Plato's Phaedrus was written to be a comic-philosophical inversion of Euripides' Hippolytus.
Hippolytus begins with speeches about love -- with the main emphasis being that love is madness and madness is bad, therefore love is bad. The nurse provides a minority view that love is rational and therefore good.
Phaedrus begins with speeches about love -- with the main emphasis being that love is madness and madness is good, therefore love is good. Lysias provides a minority view that favoring the nonlover is rational and that this is therefore good.
Hippolytus ends with a discussion of the relationship among writing, speaking, and truth, with Theseus making his decision on his belief that what is written down must be true.
Phaedrus ends with a discussion of the relationship among writing, speaking, and truth, with Socrates arguing that you learn more truth from dialogue than writing because you cannot have the writer there to question -- an observation which one can take back to Hippolytus to see Theseus' error more clearly (though the audience does know why he is wrong).
Phaedrus has the same relationship to Lysias as Hippoytus has to Artemis. Phaedrus loves the one who wrote a speech criticizing love and favoring the nonlover; Hippolytus loves a virgin goddess, with whom he can never consummate that love. This is one of those inversions because Lysias wants to have sex with the nonlover, while Artemis refuses to have sex with the lover.
On the other hand, Lysias, as a writer, is the mirror of Phaedra herself. Neither are available to be questioned about what they wrote. Lysias thus is Phaedra/Artemis; the attainable mad lover/unattainable non-lover; this thus exposes Lysias for what he truly is (the wily character of Socrates' first speech "against" love).

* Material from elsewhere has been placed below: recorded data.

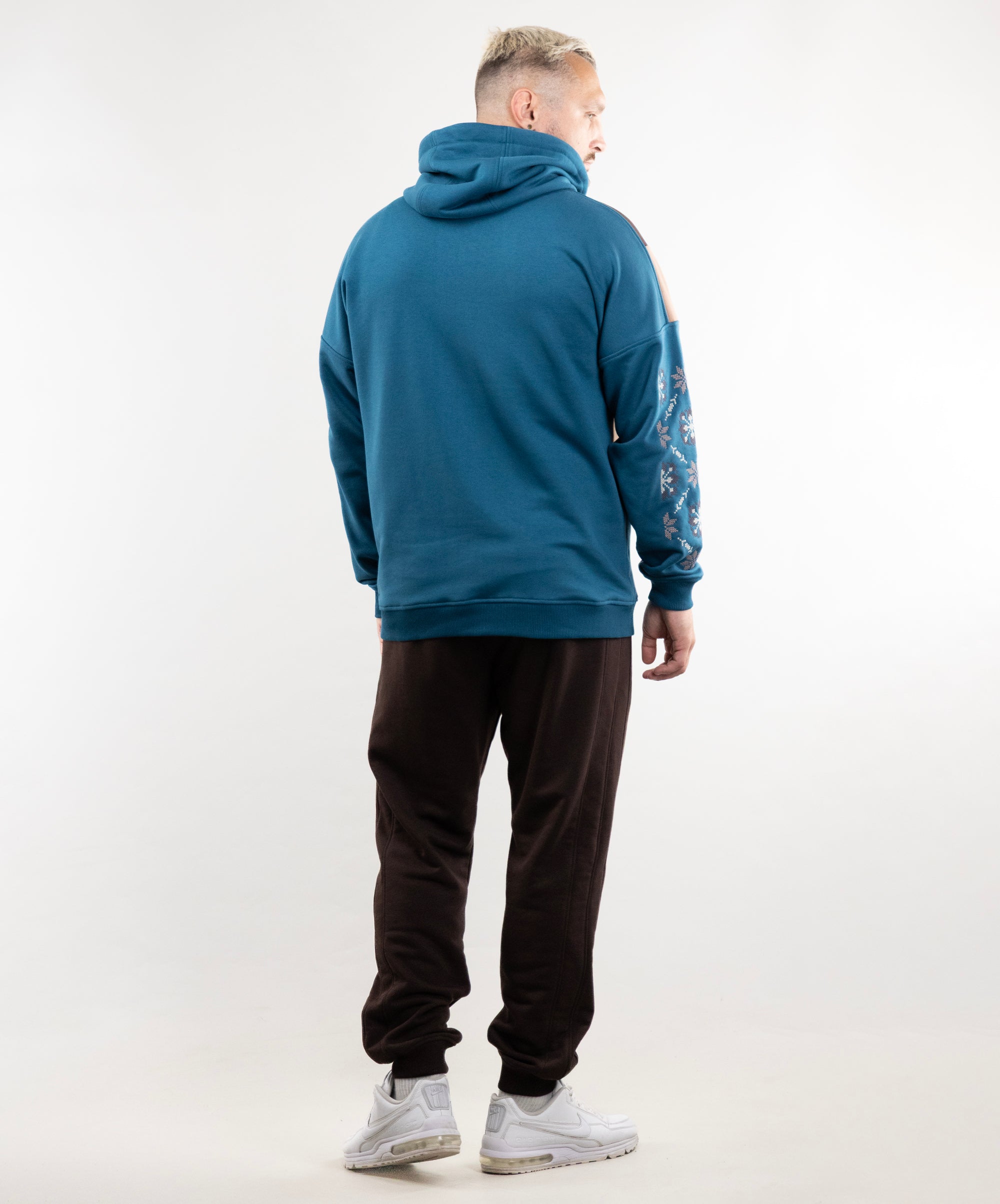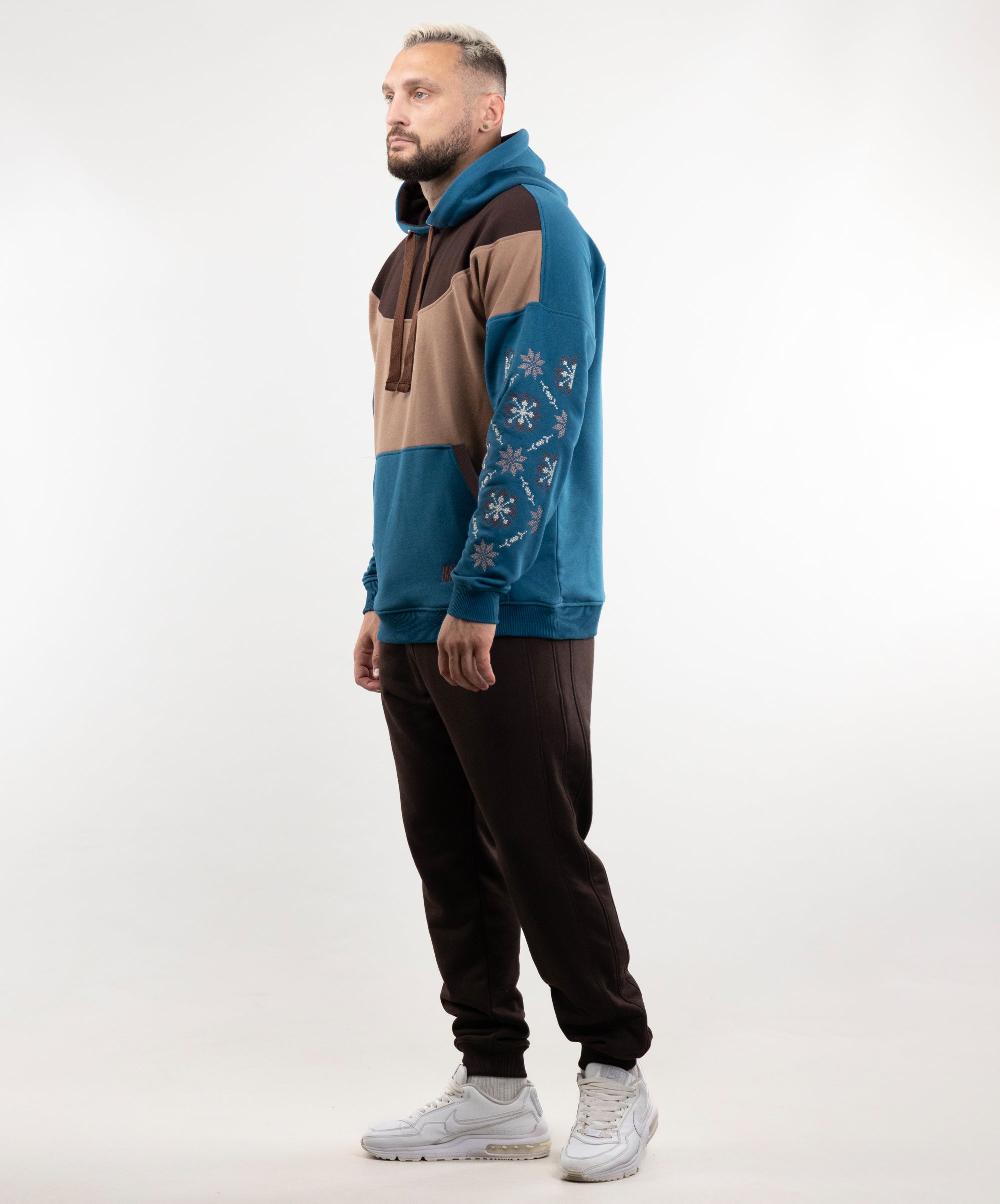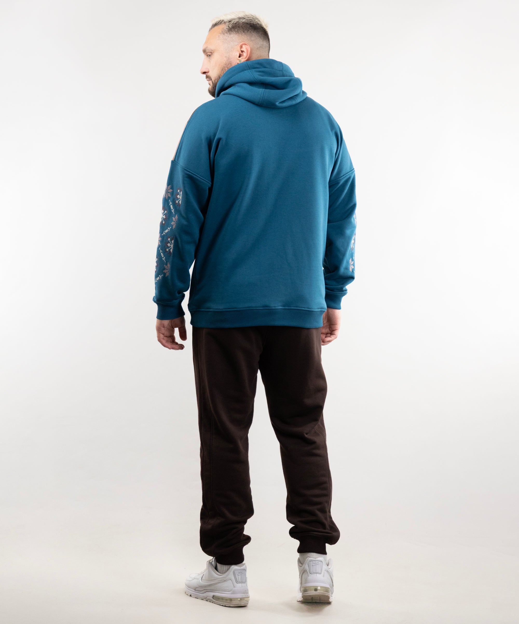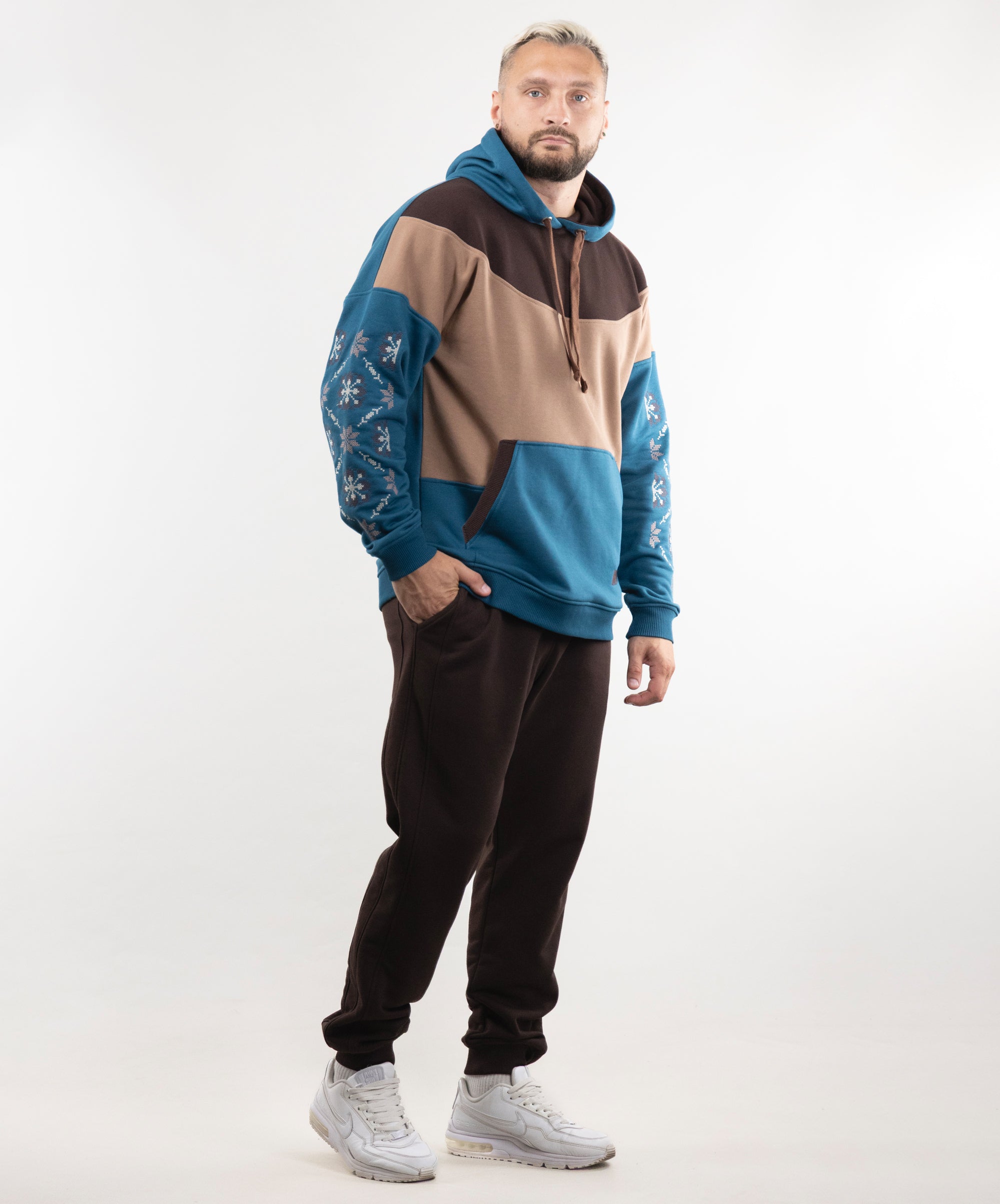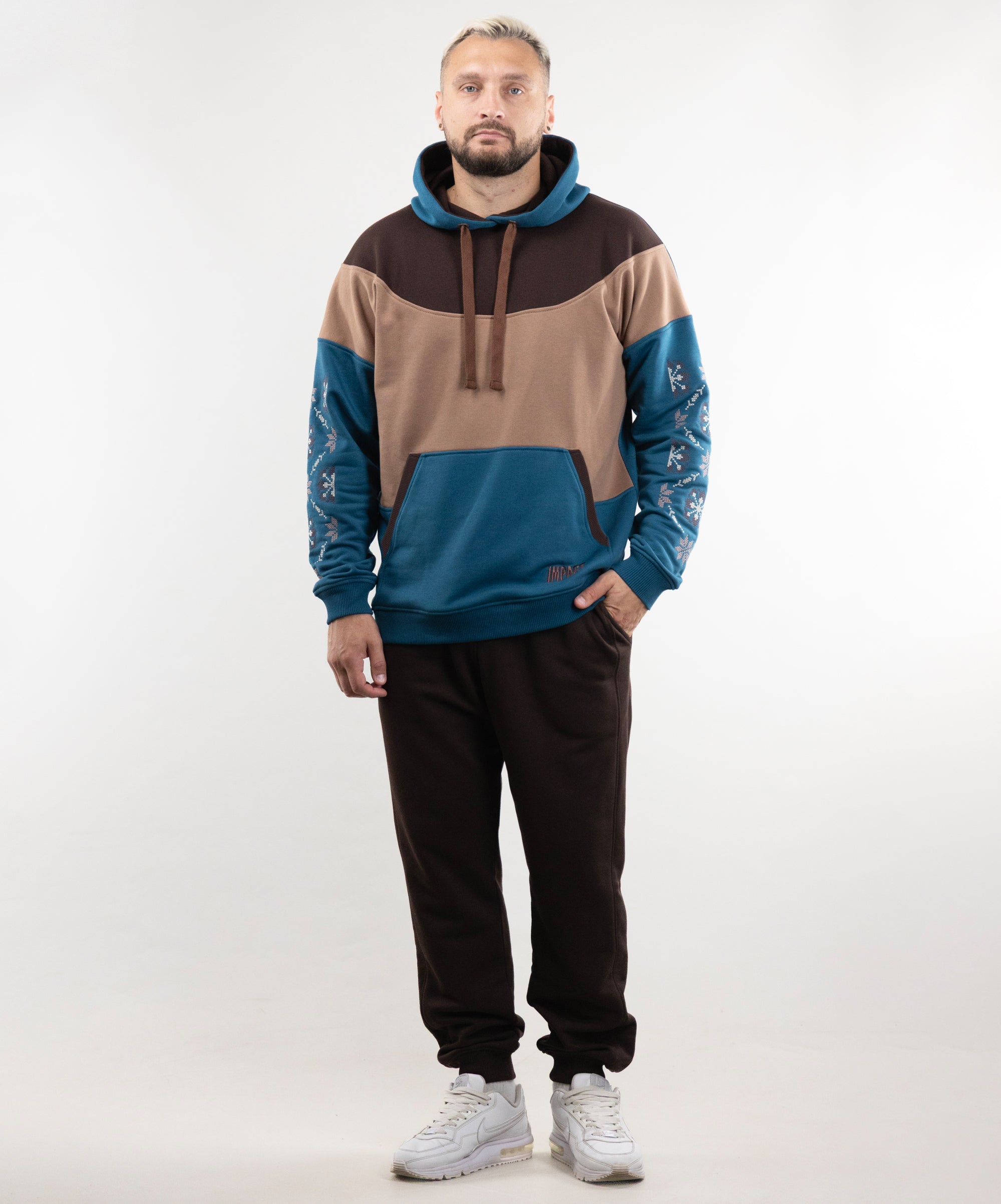We have long dreamed of creating a hoodie with embroidery, so meet the “Dnipro” model. This unlined hoodie combines three colors, has large embroidery on the sleeves, and a kangaroo pocket.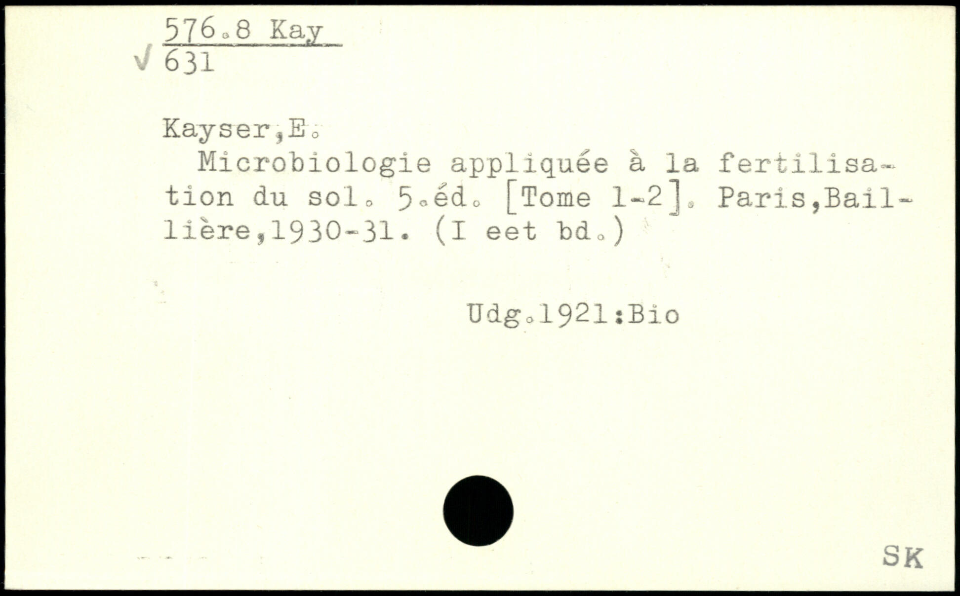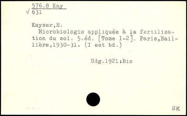 Microbiologie appliquée à la fertilisation du solo 5oédo [Tome 1—2]. Paris,Ba1111ère ,1930-31. (I eet bdo) Udgo.1921 îBio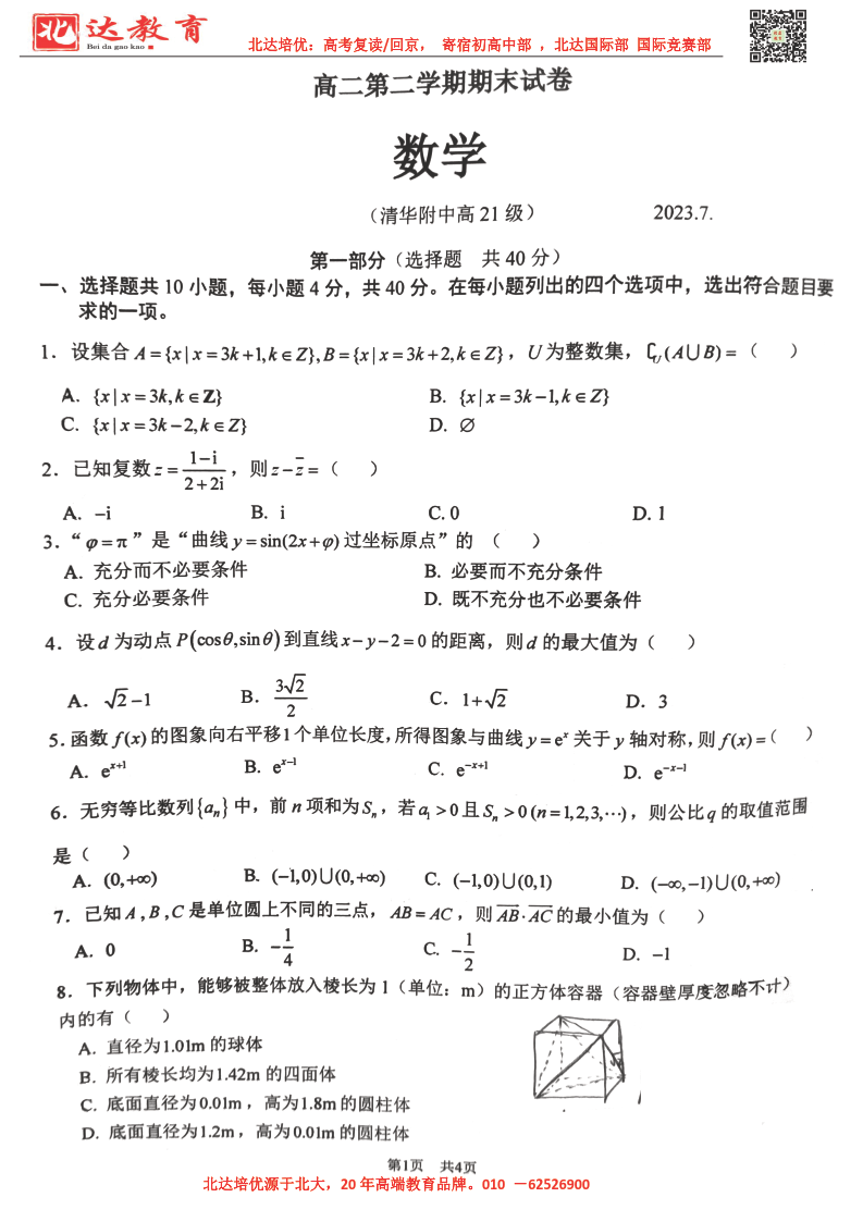 北京市2022-2023年高二下学期期末考试即将开考,为了帮助考生更好的核对考试答案,北达复读学校整理了2022-2023学年清华附中高二下学期期末数学试题,供考生参考。

The above two points also makes it clear that Phaedrus is Hippolytus, not
Phaedra, as one would expect. In a certain sense Lysias, in his ideas of
the rationality of the nonlover, is also an inverse of the Nurse, with her ideas of the
rationality of love, and Socrates plays the
anti-Phaedra/Hippolytus/Chorus in his affirmation of love as madness and
madness as good.
Euripides' portrayal of Aphrodite is a decidedly negative one; she comes off as petty, spiteful, vengeful, and cruel. This, in combination with what Phaedra and Hippolytus say about Aphrodite/love and with the fact that Phaedra's love for Hippolytus results in both her and Hippolytus' deaths, portrays love in a negative light.
After Socrates gives his speech in which a character argues that the nonlover is to be preferred over the lover, he expresses concern that Aphrodite will punish him for speaking ill of her (which is what she says she is punishing Hippolytus over). He also observes that Aphrodite, being a goddess, cannot be bad in any way (contradicting Euripides' portrayal of her). Socrates then gives his speech arguing love is good (thus enacting what Hippolytus should have done to make the play un-tragic).
Socrates further argues that just because love is madness, that does not mean that love is bad; there are, after all, other forms of madness which are recognized as good, including the madness of the Muses -- who would have been understood as influencing Euripides. Since Euripides is a poet, he is made mad by the Muses; it is thus ironic that he is portraying love as bad because it is a kind of madness.
If Plato's dialogue is a philosophical response to Euripides' play, then when Socrates says that his first speech and his second speech are the same speech, one can also understand this to mean that the dialogue and the play are "the same speech," but at different levels of understanding (with the poets being 4th from the bottom and philosophers being at the top, as per his ranking in the dialogue). Plato could thus be arguing that Euripides' understanding of love is accurate to his level of understanding, but that Plato's work demonstrates an understanding of love that is the most accurate a human can attain.